In early DC comics Mr. Freeze was created as a scientist who accidentally doused himself in cryogenic formula, resulting in a constant need for freezing temperatures and a villainous streak. More recently the character was reintroduced as Dr. Victor Fries, a leading researcher in cryogenics who experienced a subzero “accident” while trying to cryogenically freeze his fatally ill wife. From then on he required a freeze suit and swore revenge on, well everybody, since he’s a supervillain.
The character has appeared many times in animated and comic versions of the Batman series, always as an archnemesis to Batman and typically working alone. Freeze’s most famous (recent) depiction may be the 1997 Batman & Robin film where Arnold Schwarzenegger filled the freeze suit and froze Gotham with his freeze gun.
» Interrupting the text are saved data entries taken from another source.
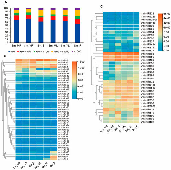 Expression patterns of miRNAs in mature roots (MR), young roots (YR), stems (S), mature leaves (ML), young leaves (YL) and flowers (F) of S. miltiorrhiza. (A) Percentage of miRNAs with different expression abundances in tissues analyzed. MiRNAs with normalized expression values less than 10, greater than 10 to 50, greater than 50 to 100, greater than 100 to 1000, and greater than 1000 were classified into very lowly, lowly, moderately, highly, and very highly expressed, respectively. (B,C) Heatmaps of expression levels of novel (B) and known (C) miRNAs. The color scale represents log2 (transformed normalized expression values). The heatmap was created using TBtools [51].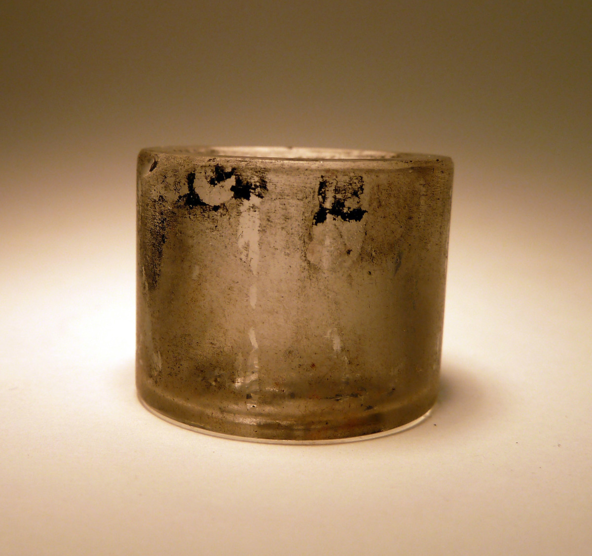 Liten glasbägare med tuschrester. Bägaren användes för att förvara tuschen i som tatueringsnålen doppades i vid tatuering.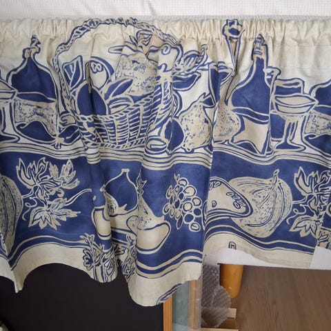 Flotte farger, blå kant nederst. 270x31 cm. Kappen er helforet. Stoffet er blitt litt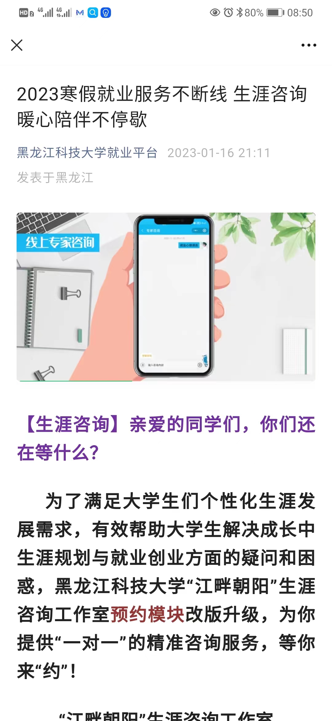 强化指导,暖心服务。为了满足大学生们个性化生涯发展需求,有效帮助大学生解决成长中生涯规划与就业创业方面的疑问和困惑,OD在线“江畔朝阳”生涯咨询工作室依托“云就业平台”进行了线上咨询的全面升级改造,在“OD在线就业平台”公众号上安排专业教师在寒假期间开展线上咨询,为学生提供“一对一”的生涯规划与就业指导个体咨询服务,在生涯咨询、简历修改、面试技巧、政策咨询、手续流程咨询、就业心理疏导、职业生涯测评等方面帮助学生探求答案,指引方向。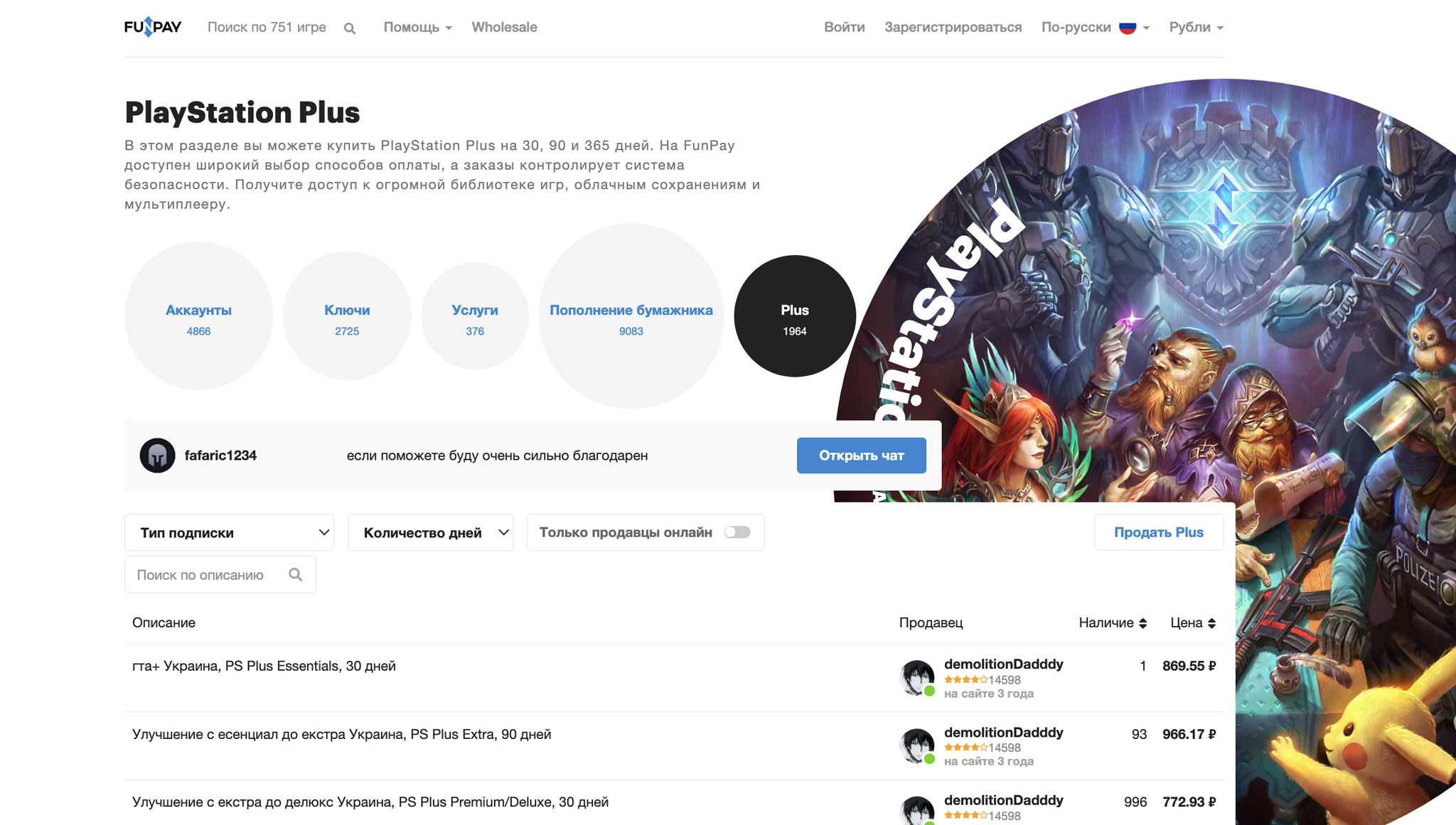 Если нужно купить подписку PlayStation Plus выгодно, FunPay — отличное место для поиска лучшей цены в реальном времени.

I suspect, based on their choice of actor, this Gotham version will be slightly more nuanced and sophisticated.
Darrow has a solid history in theater prior to breaking into TV roles. A Kansas native, he returned to Kansas City after graduate school in New York to perform in a series of classic plays. His role in a touring cast of Richard III starring Kevin Spacey resulted in an audition for House of Cards, which led to his role as Edward Meechum. Though initially a small part, the role was expanded due to popular opinion.
Gotham has struggled with the same plight of most comic-based shows: high ratings at the premiere followed by a steady decline. (Someone needs to do a study on the viewing habits of nerds, really. Do we pick things up later, on-demand, or are we just one-chance-and-we’re-out viewers?) Gotham has the added struggle of being a dark, period-set crime drama that many people didn’t know how to categorize. Is it superhero action? Not really. Is it a character driven story? Kind of, but not in the same manner as Marvel’s ensemble pieces. And it lacks the techy-alien vibe that Agents of S.H.I.E.L.D. gets to have fun with. (What? A weapon we’ve never seen and have no response to? Of course, because it’s alien!)
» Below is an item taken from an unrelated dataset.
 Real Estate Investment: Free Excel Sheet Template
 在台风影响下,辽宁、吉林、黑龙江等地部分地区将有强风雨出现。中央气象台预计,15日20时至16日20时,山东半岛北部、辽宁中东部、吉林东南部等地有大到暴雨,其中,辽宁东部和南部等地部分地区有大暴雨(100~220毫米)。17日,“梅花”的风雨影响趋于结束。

Gotham series premiere trailer:
But since Gotham’s ratings have leveled they’re holding steady week-to-week. After a series premiere of 8.3 million viewers, season 1 ended with 4.8 million, and this week’s episode – almost halfway through season 2 – pulled 4.3 million.
Compared to its competition, Dancing with the Stars on ABC, The Voice on NBC, and The Big Bang Theory on CBS, the sophomore shows only attracts 1/3 the amount of viewers, but it still draws more than double the audience for its Fox follow-on, Minority Report. In fact Report is the lowest rated show on Fox’s schedule this season, while Gotham falls squarely in the middle as the third highest-rated drama (Empire and Rosewood are leading.)
TVLine reported that according to Gotham executive producer John Stevens the Freeze character will turn up soon: ““The first time we see Freeze is in [the Nov. 30 episode], and then we’re going to be telling a heavy Freeze story in Episodes 12 and 13.”